Brief
Exact copy, no pictures: return all the data below as written.

Collected data
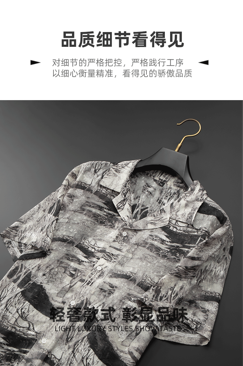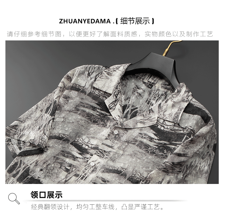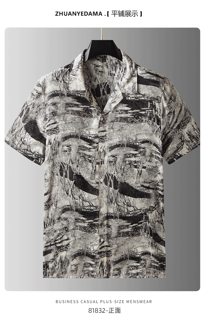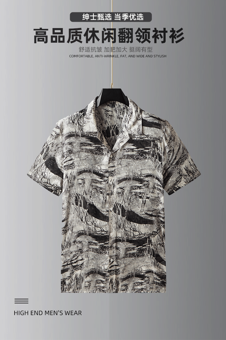 【戗驳领】【DDA】大依优型大码花衬衫短袖衬衫翻领衬衣商务休闲透气半袖夏季上衣男士
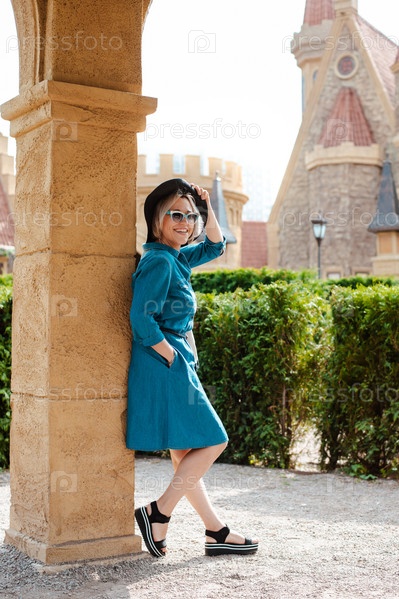Веселая счастливая женщина-странник с модным взглядом во время путешествия за границу летом, женщина-туристка в турне по замку за границей во время отпуска
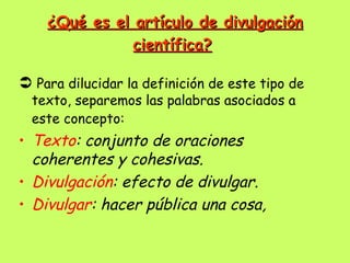 El documento explica que el artículo de divulgación científica es un texto que comunica información técnica de la comunidad científica al público en general. Describe que utiliza recursos como ejemplos, clasificaciones, definiciones y citas para hacer la información más accesible y comprensible. Además, señala que usa un lenguaje técnico y denotativo.
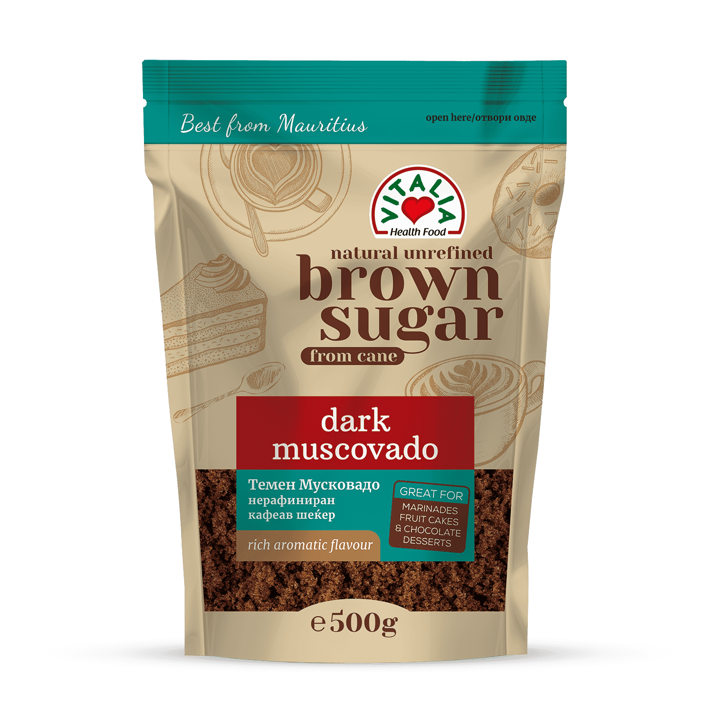 Кафеавиот шеќер Dark Muscovado на Виталиа потекнува од Јужна Африка, од островот Маурициус каде тропската клима и незагадената почва овозможуваат да се произведе најквалитетен нерафиниран шеќер во светот. ВИТАЛИА кафеавиот шеќер е произведен на едноставен начин, со цел да се задржи, а не да се одстрани, природната меласа на шеќерната трска.

Task response
 【戗驳领】【DDA】大依优型大码花衬衫短袖衬衫翻领衬衣商务休闲透气半袖夏季上衣男士
Веселая счастливая женщина-странник с модным взглядом во время путешествия за границу летом, женщина-туристка в турне по замку за границей во время отпуска
 El documento explica que el artículo de divulgación científica es un texto que comunica información técnica de la comunidad científica al público en general. Describe que utiliza recursos como ejemplos, clasificaciones, definiciones y citas para hacer la información más accesible y comprensible. Además, señala que usa un lenguaje técnico y denotativo.
 Кафеавиот шеќер Dark Muscovado на Виталиа потекнува од Јужна Африка, од островот Маурициус каде тропската клима и незагадената почва овозможуваат да се произведе најквалитетен нерафиниран шеќер во светот. ВИТАЛИА кафеавиот шеќер е произведен на едноставен начин, со цел да се задржи, а не да се одстрани, природната меласа на шеќерната трска.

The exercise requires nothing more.